START ENTRIES SHOWN
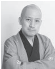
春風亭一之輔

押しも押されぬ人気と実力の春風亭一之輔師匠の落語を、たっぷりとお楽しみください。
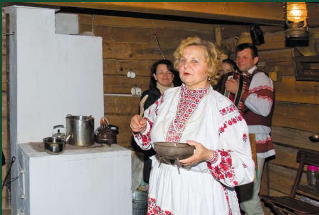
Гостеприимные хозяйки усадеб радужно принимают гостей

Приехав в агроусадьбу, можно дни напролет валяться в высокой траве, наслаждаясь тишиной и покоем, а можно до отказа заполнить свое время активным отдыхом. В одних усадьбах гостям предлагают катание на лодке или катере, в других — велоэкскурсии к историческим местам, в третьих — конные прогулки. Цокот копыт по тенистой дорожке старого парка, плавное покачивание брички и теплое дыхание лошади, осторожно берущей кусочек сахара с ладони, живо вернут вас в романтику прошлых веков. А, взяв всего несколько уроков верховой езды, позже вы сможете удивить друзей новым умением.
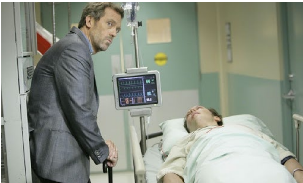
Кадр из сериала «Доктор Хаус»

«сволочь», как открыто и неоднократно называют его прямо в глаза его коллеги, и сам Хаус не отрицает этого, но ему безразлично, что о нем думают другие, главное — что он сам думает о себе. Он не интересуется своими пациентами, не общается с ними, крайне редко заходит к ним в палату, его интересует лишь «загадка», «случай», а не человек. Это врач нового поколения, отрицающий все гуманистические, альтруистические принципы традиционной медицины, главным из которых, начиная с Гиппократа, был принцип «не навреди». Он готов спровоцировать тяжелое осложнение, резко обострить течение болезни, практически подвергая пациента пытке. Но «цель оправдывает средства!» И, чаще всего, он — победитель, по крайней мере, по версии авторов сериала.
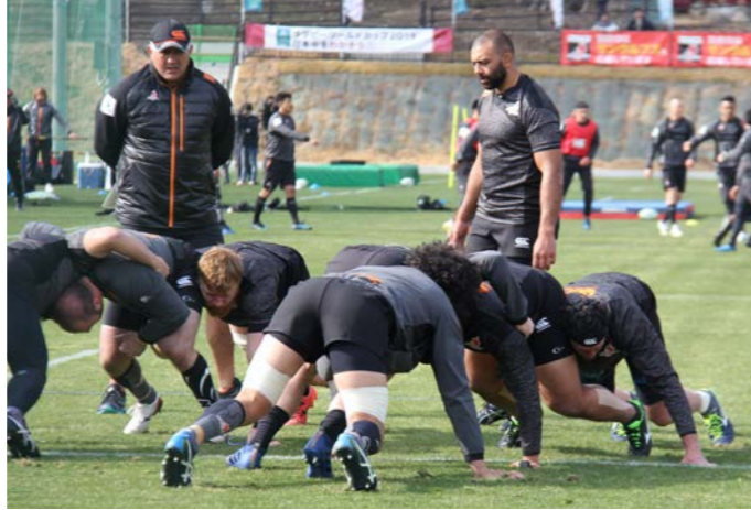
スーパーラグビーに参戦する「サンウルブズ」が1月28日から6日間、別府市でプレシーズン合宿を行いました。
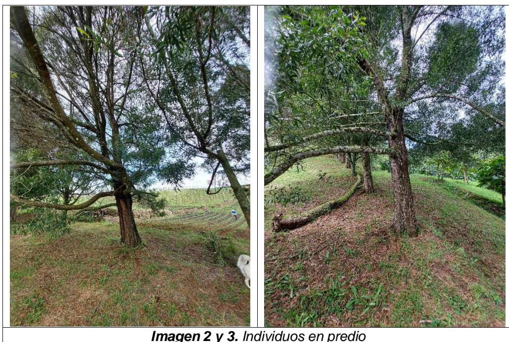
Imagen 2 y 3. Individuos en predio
END ENTRIES SHOWN
START ENTRIES SHOWN
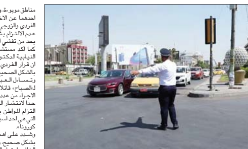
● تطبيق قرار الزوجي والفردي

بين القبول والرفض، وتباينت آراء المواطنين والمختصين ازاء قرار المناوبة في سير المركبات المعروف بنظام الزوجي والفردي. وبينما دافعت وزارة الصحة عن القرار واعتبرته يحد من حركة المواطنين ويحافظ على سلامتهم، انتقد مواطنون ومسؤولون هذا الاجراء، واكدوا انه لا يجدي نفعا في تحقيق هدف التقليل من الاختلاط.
END ENTRIES SHOWN
**THE PROBLEM:** With the string "والفردي" as the key, filter the data above and show the lines that match.

**EXERCISE ANSWER:**
● تطبيق قرار الزوجي والفردي
بين القبول والرفض، وتباينت آراء المواطنين والمختصين ازاء قرار المناوبة في سير المركبات المعروف بنظام الزوجي والفردي. وبينما دافعت وزارة الصحة عن القرار واعتبرته يحد من حركة المواطنين ويحافظ على سلامتهم، انتقد مواطنون ومسؤولون هذا الاجراء، واكدوا انه لا يجدي نفعا في تحقيق هدف التقليل من الاختلاط.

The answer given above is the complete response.